Just a list of "distros with PHP 7.2 available" doesn't say anything about whether it actually breaks on these distros.

SBado commented 6 years ago

So, the problem here is that some major distros like openSUSE or Arch have "bad maintainers". I don't know, but imho It sounds a lot like Apple's "You're holding it wrong". Personally, I can wait for as long as it will be necessary for the developers to move Nextcloud to PHP 7.2 and live without it in the meantime, no problem at all. But, I think that you can't ask all the distros out there to not update or to maintain different versions of PHP just because a single package doesn't work with the latest version, it's not (always) feasible. Just my two cents.

arendtio commented 6 years ago

@Tyil you are missing the point...

Yes, some package managers allow to mask certain packages and a friend of mine, who runs an Exherbo server (very similar to Gentoo), keeps asking me when Nextcloud 13 is being released, because Nextcloud doesn't support PHP 7.2 yet. So just because some package managers make it easier than others to run different versions in parallel or to not update to a specific version, doesn't mean it is okay that Nextcloud can't run on the latest stable PHP version.

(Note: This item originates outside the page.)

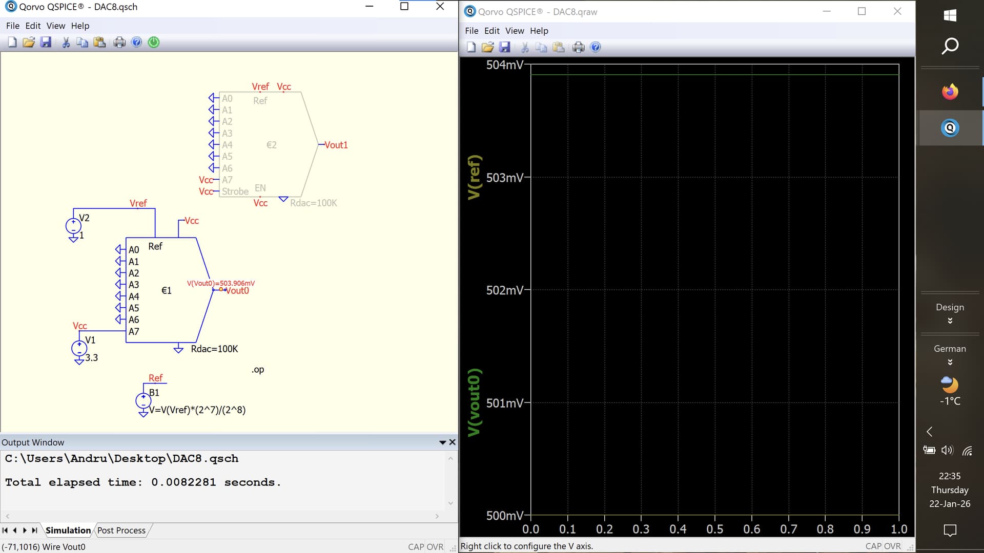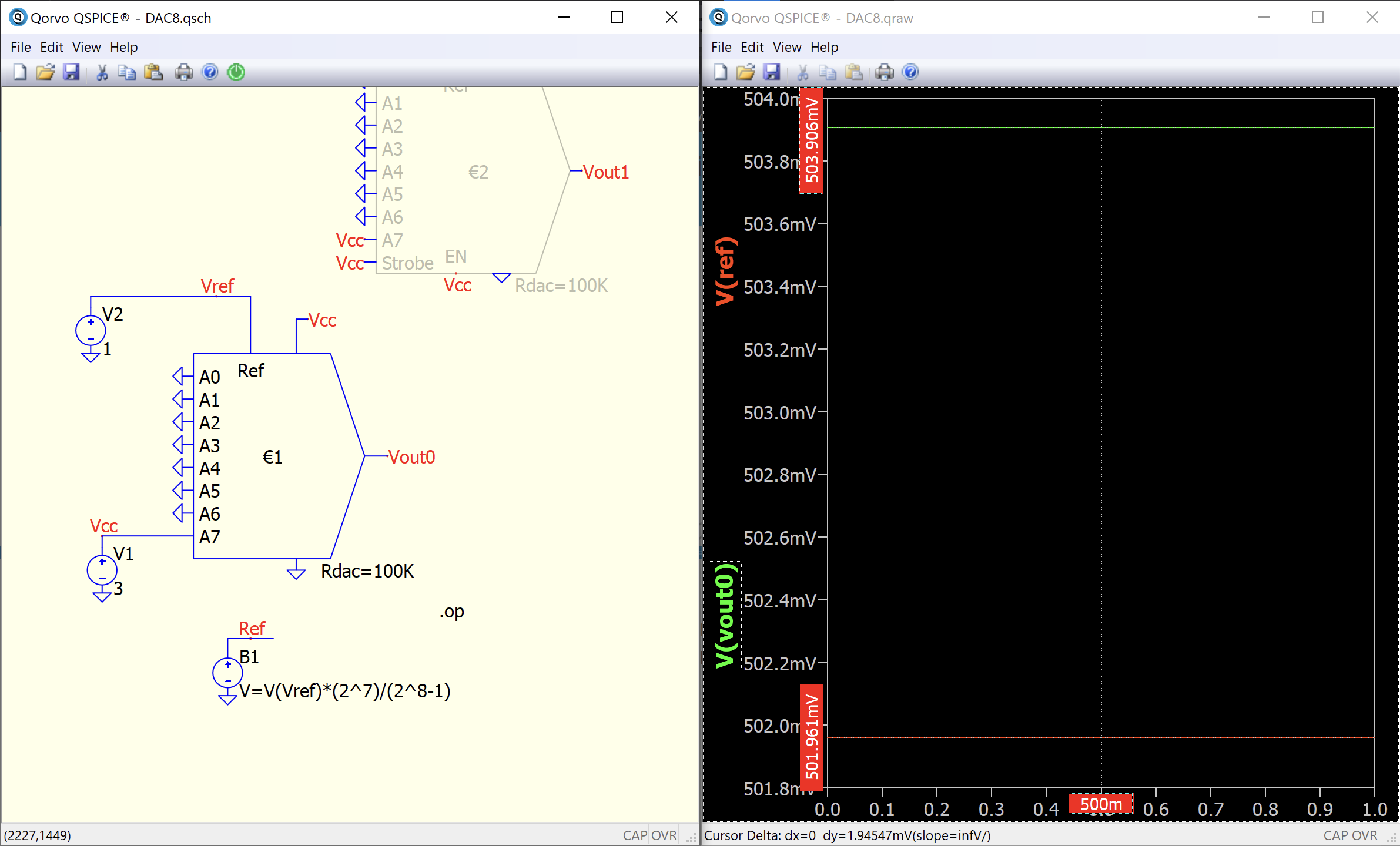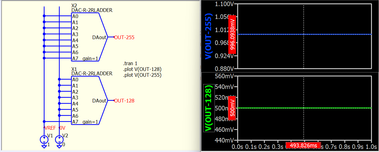 Firstly, I noticed something yesterday and checked with Mike. He confirmed that in Qspice, the DAC is supposed to range from 1/256 to 1, and he will update the documentation to reflect this. If you input ‘00000000’, you will get a non-zero output from this DAC. This is not a typical R-2R formula to expect.
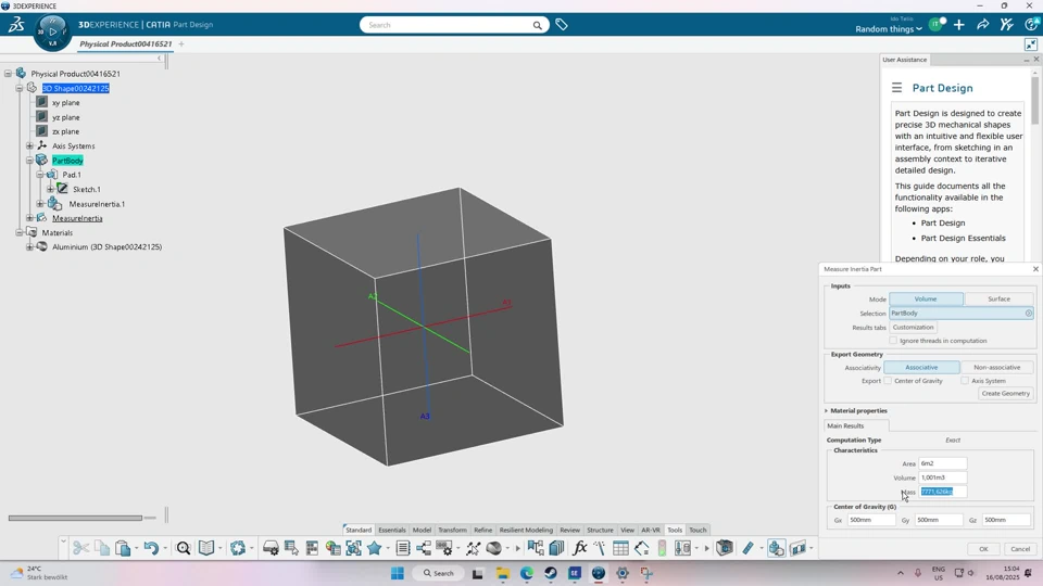 I applied Aluminium material with density set to 2710kg/m3. So with a volume of 1m3, the part should weigh 2710kg.

So your whole 'with Gentoo you don't have that problem, it's just an Arch problem' song is just a distraction from the real problem. The real problem is that the latest Nextcloud versions, often have problems with the latest stable PHP versions. That is something which could and should be solved.

rullzer commented 6 years ago

I think all there is has to be said about this topic. NC13 will support 7.2. If you really can't wait to upgrade then try out the beta.